Hawke established the blockade of Brest early in June. No serious attempt to drive him off was made by the French. On the 2nd July Conflans tried to do by trick what he dared not venture to do by force. The bulk of Hawke’s fleet lay some distance off at sea, while an inshore, or advanced, squadron under Captain Hervey watched the French fleet at anchor in Camaret Bay, just outside the entrance to Brest. This was the Augustus John Hervey, afterwards third Earl of Bristol, who was the son of the Lord Hervey so savagely attacked by Pope, and of the beautiful Molly Lepel. He maintained the well-established reputation of his family for immoral ability. His marriage to, and collusive divorce from, the notorious Elizabeth Chudleigh, bigamous Duchess of Kingston, are conspicuous events in the scandalous chronicle of the time. But though his private life was always disorderly and occasionally ignominious, he was a very brave and skilful naval officer. All through the summer of 1759 he and Captain Keppel were the eyes and hands of the fleet. When on the 2nd July four French line-of-battle ships stood out of Camaret Bay to drive him off, Hervey did not hesitate to engage for a moment, though he had with him only two of the line and some frigates. He well knew that the sound of his guns would soon bring up Hawke’s fleet, and it did. The French drew back immediately under the protection of their batteries. Their intention had been, after driving off Hervey, to go round to Quiberon, chase away the small squadron under Captain Reynolds, of the Firm, and liberate the transports at Vannes—a proposal worthy of the intelligence they showed all through the year. The sub-blockade of Quiberon remained unbroken. When the Firm became foul, Reynolds was relieved by Captain Duff, of the Rochester, 50, who remained in possession of the waters of the French bay with four 50-gun ships and some frigates till he was swept into the great hurricane of wind and battle of the 20th November.

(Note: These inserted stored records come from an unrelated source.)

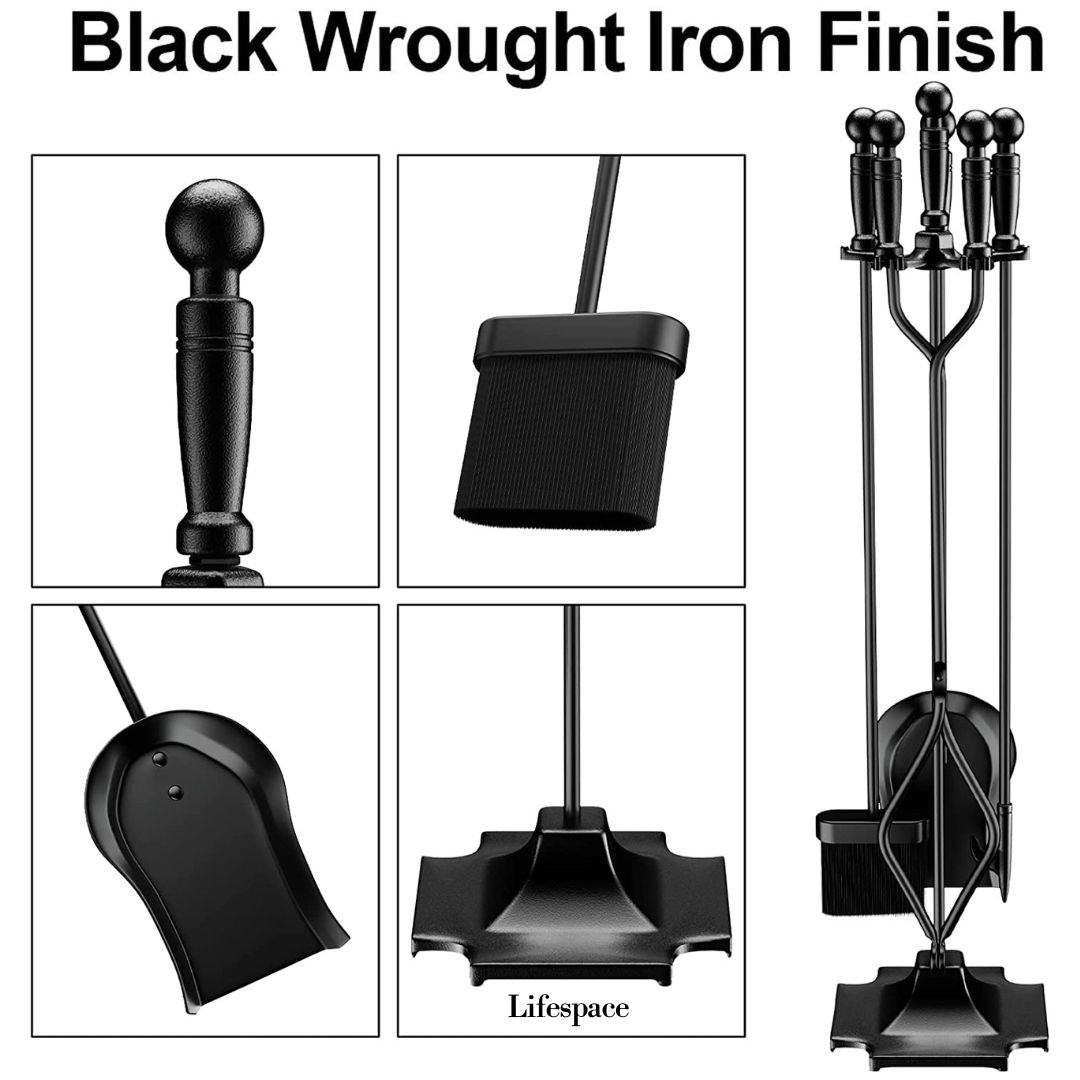Contents & Ergonomics - The set comprises a sturdy stand, brush, shovel, tong, and fireplace poker. Every tool is designed with an ergonomic handle ensuring easy grip and utility.
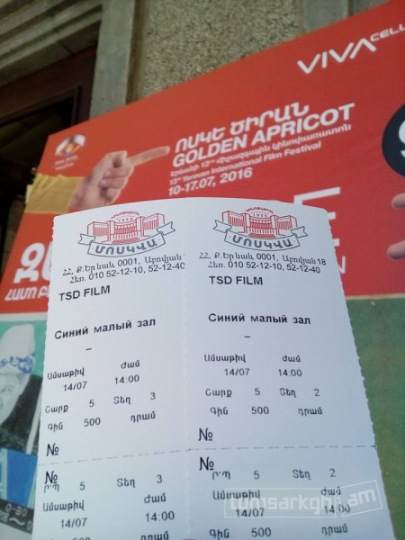 Tickets can be obtained form Moscow Cinema ticket office (price of one ticket is 500 AMD).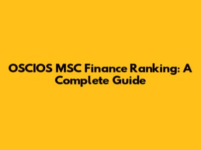 OSCIOS MSC Finance Ranking: A Complete Guide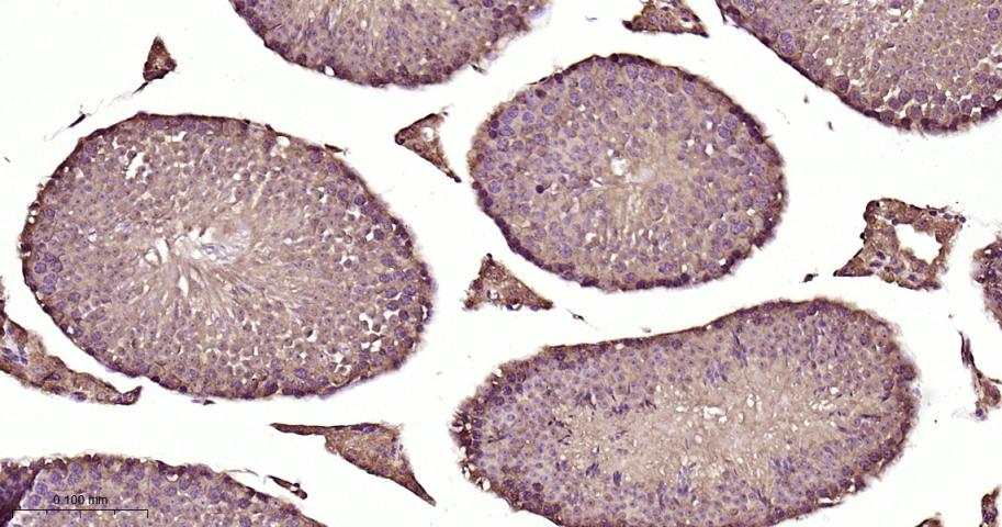 Paraformaldehyde-fixed, paraffin embedded Mouse Testicles; Antigen retrieval by boiling in sodium citrate buffer (pH6.0) for 15 min; Antibody incubation with PKC Monoclonal Antibody, Unconjugated(bsm-62952R) at 1:200 overnight at 4°C, followed by conjugation to the bs-0295G-HRP and DAB (C-0010) staining.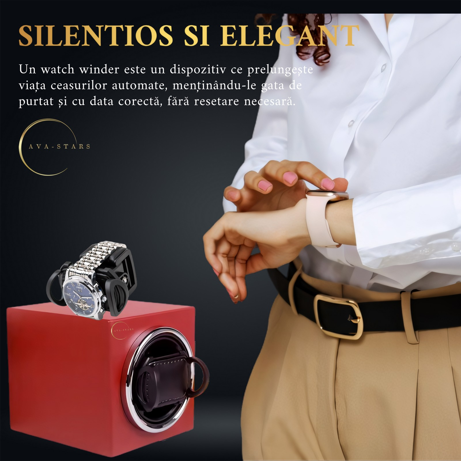 • Silențioasă și eficientă: Funcționarea discretă îți permite să te concentrezi pe sarcinile tale, în timp ce ceasul tău este păstrat în condiții optime.
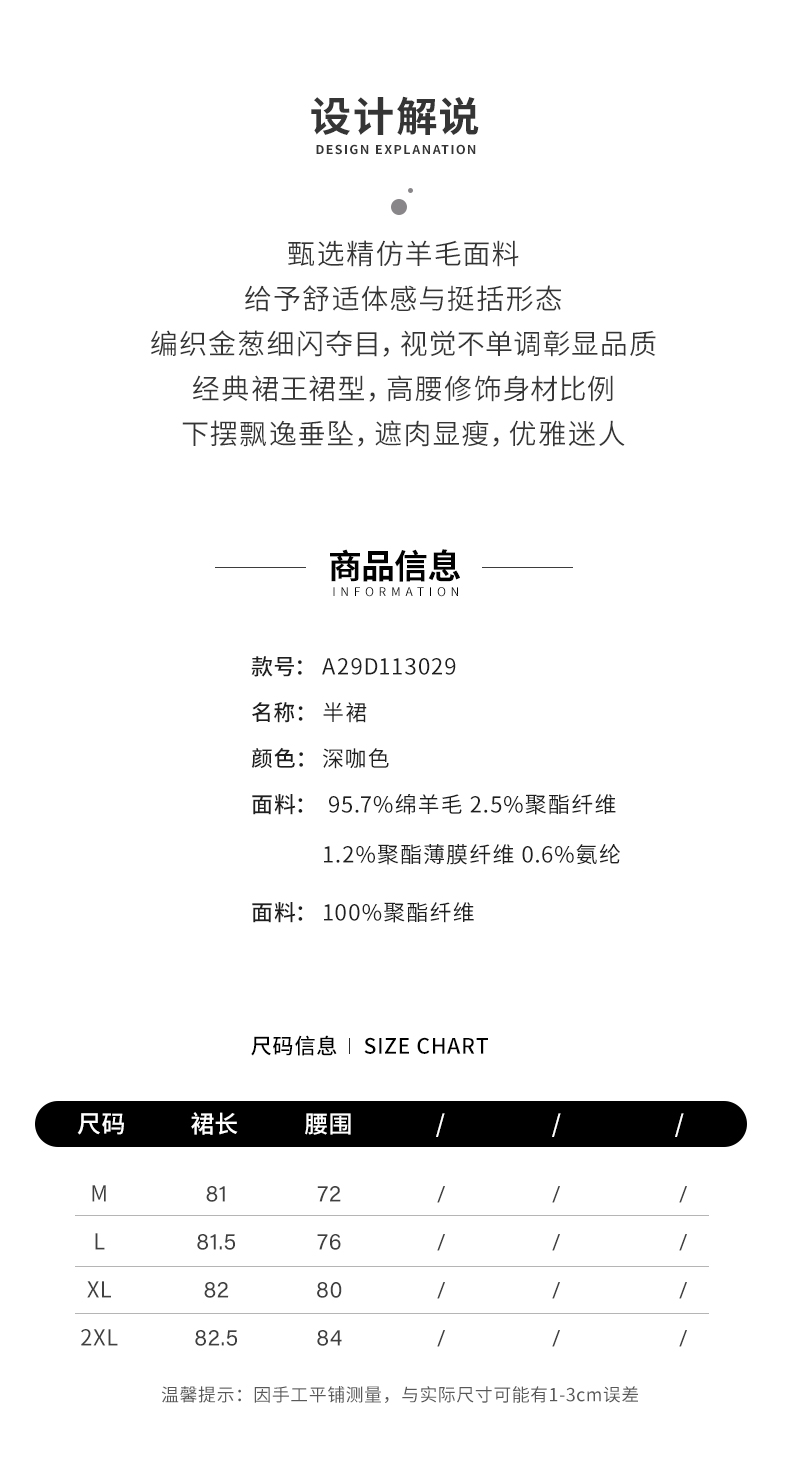 【商场同款】阿菁娜2024冬季新款精纺羊毛编织高腰A字裙A29D113029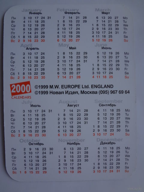 Календарик 2000 г. Котенок и цыпленок.
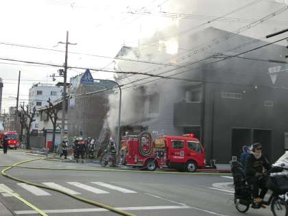 昨日の朝、大正区小林地域で火災が発生し、サイレンを鳴らした消防自動車が集結しました。

The fine weather and the energy shown by Pitt in supporting the fleets at sea made it possible to keep the crews well supplied with provisions. They enjoyed a good health of which there were few examples in the previous history of the navy. Yet the blockade was tedious work, relieved only by such events as this action of the 2nd July, by the cutting out of the Modeste from under the French batteries, a gallant feat of Hervey’s, or by the unsuccessful attempt of Captain Barrington of the Achilles to destroy some French ships in the Morbihan. Meanwhile there was growing impatience at Paris with the timidity of Conflans, who showed extreme reluctance to go to sea without an express order. Conflans had served with some credit, but he owed his command to court favour, and had no reputation as a manœuvrer in the French Navy, while all his words and actions show him to have been light and ostentatious, with no firmness of character. The instructions he issued to his captains when he did go out are full of a pretence of confidence which was ridiculous after the timidity of the summer, and more ridiculous when read by the light of the final disaster. He wrote as if he feared that Hawke would not give him a good chance to fight.

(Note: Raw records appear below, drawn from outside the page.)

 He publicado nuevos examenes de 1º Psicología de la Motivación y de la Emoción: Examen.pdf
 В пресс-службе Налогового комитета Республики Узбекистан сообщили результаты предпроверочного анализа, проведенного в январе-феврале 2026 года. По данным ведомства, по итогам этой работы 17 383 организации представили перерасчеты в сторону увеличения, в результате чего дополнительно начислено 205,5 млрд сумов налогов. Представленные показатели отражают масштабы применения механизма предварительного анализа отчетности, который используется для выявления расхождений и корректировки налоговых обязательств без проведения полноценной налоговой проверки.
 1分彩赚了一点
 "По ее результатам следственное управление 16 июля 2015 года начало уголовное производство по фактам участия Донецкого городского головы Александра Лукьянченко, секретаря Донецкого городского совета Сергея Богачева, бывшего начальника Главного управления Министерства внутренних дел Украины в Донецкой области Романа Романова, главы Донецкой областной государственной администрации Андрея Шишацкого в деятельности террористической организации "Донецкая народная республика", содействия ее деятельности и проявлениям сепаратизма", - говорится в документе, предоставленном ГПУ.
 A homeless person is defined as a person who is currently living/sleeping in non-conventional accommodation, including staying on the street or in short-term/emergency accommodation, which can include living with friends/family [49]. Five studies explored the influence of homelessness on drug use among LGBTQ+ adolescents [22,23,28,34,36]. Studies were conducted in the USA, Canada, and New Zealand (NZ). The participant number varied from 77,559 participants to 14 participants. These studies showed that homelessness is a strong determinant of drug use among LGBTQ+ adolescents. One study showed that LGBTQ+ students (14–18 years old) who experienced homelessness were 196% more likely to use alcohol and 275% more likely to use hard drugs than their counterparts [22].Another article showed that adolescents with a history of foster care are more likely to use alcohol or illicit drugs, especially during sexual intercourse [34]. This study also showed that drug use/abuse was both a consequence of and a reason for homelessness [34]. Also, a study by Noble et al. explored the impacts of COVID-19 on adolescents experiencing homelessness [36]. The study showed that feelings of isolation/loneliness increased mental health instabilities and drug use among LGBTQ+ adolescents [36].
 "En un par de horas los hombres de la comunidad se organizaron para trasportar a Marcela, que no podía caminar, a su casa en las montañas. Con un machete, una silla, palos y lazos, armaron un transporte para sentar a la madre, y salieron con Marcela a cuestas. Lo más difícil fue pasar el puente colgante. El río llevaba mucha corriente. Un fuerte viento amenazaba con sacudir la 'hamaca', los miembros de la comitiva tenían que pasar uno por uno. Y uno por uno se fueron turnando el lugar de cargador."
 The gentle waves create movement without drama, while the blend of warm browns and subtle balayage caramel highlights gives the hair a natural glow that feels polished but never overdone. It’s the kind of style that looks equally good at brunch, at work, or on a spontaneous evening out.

On the 9th November a gale, and the needs of the blockading fleet, did for the French what they could not do for themselves. Hawke was compelled to bear up for Torbay. Frigates were left to watch Brest. The westerly gale which had forced Hawke to draw off from the dangerous lee shore of Brest, brought home the French squadron of M. de Bompart, now coming back from the West Indies. To his surprise and relief, he found the way to port open. His safe arrival convinced Conflans that Hawke must be gone. Taking the crews out of Bompart’s ships to reinforce his own, the marshal put to sea on the 14th November, when the wind had moderated, and the last great effort of the French to carry out the invasion began.
On the same date Hawke left Torbay to resume the blockade of Brest. On the 16th he was met by the news that the French had been seen twenty-four leagues to the north-west of Belleisle, steering to the south-east. There could be no doubt in Hawke’s mind that they were bound for Quiberon, and he instantly headed in pursuit. The news that the French were at sea spread rapidly over England, and produced an outburst of popular anger against Hawke, which gives the exact value of the most sweet voices of the mob. It ought to have rejoiced to hear that the enemy was out, and had only to look at the measures taken by Government to see that there was no peril. The troops and militia were put to some disturbance, which was unnecessary, save for the purpose of quieting the national nerves. A more rational measure was the formation of a reserve squadron of six ships of the line under Rear-Admiral Geary to reinforce Hawke. In these days, too, Vice-Admiral Saunders reached the mouth of the Channel on his way back from the conquest of Quebec. He had but three liners with him, and they were much tried by service, yet without a moment’s hesitation he sailed to join the Channel Fleet. It is true that he did not arrive in time to be of service, but it was fine conduct, and an instance of the noble spirit now animating the navy which of itself was enough to calm all fears.